The facial features are reported to be characteristic but there are few distinctive signs. The face is often broad and round, the nose is beaked, the mouth is small, and the lower lip appears to pout and protrudes beyond a short upper lip. Smiles have been described as 'grimacing'. It is common for the columella to protrude beyond the alae nasi. The palate is narrow and highly arched and the laryngeal walls collapse easily which may lead to feeding problems and respiratory difficulties. The ears may be rotated posteriorly. The anterior hairline can appear low.
Among the more distinctive signs are the broad thumbs and great toes which are often deviated medially. However, the distal phalanges of all fingers may be broad as well. Bone fractures are common and patellar dislocations can be present as seen in the first two decades of life. Hypotonia is a feature. Numerous dental anomalies have been reported including crowded teeth, enamel hypoplasia, crossbite, and abnormal numbers of teeth.

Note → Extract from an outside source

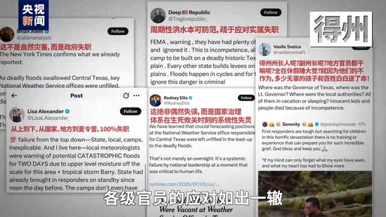 特朗普政府上台后,裁减了美国国家海洋和大气管理局及其下属国家气象局预算资金和数百名员工。国家气象局得州中部多个关键岗位自4月起空缺,包括重要的天气预警协调员。因此,多家美媒将此次洪水与特朗普政府大规模裁员相关联。但他的回应是:

Developmental delays are common. Infancy and childhood milestones are often delayed. Many patients have cognitive delays and some are mildly retarded. Postnatal growth is subnormal and obesity is common. A third of patients have a cardiac abnormality including septal defects, valvular defects, coarctation of the aorta, pulmonic stenosis, and patent ductus arteriosus. Renal abnormalities occur frequently and almost all males have undescended testes. Patients are at increased risk of tumors, both malignant and benign, many of which occur in the central nervous system. Other problems are constipation and hearing loss.